Entries shown:
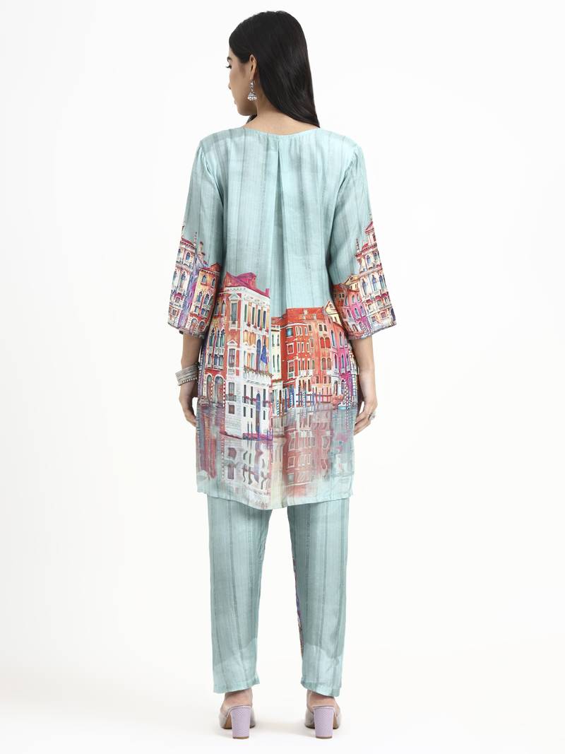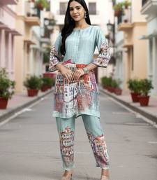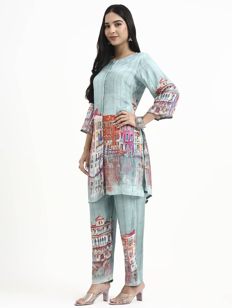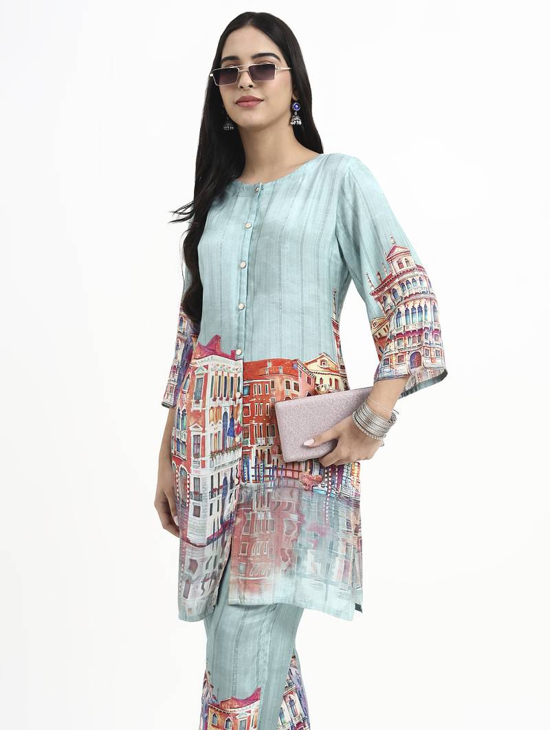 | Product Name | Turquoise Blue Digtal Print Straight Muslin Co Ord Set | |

* * *

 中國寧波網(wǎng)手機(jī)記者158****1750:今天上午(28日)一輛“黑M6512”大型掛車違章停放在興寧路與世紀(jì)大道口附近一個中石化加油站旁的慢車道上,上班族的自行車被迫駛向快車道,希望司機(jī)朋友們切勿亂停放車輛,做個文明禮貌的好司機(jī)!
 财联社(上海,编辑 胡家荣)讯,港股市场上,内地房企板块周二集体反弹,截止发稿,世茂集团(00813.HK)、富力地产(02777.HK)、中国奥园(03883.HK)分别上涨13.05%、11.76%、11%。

Exercise details: Taking the entries above, write out exactly the lines starting with the line containing "中國寧波網(wǎng)手機(jī)記者1" and going on through the line containing "财联社(上海,编辑 胡家荣)", both included, and nothing else.

Result for this exercise:
 中國寧波網(wǎng)手機(jī)記者158****1750:今天上午(28日)一輛“黑M6512”大型掛車違章停放在興寧路與世紀(jì)大道口附近一個中石化加油站旁的慢車道上,上班族的自行車被迫駛向快車道,希望司機(jī)朋友們切勿亂停放車輛,做個文明禮貌的好司機(jī)!
 财联社(上海,编辑 胡家荣)讯,港股市场上,内地房企板块周二集体反弹,截止发稿,世茂集团(00813.HK)、富力地产(02777.HK)、中国奥园(03883.HK)分别上涨13.05%、11.76%、11%。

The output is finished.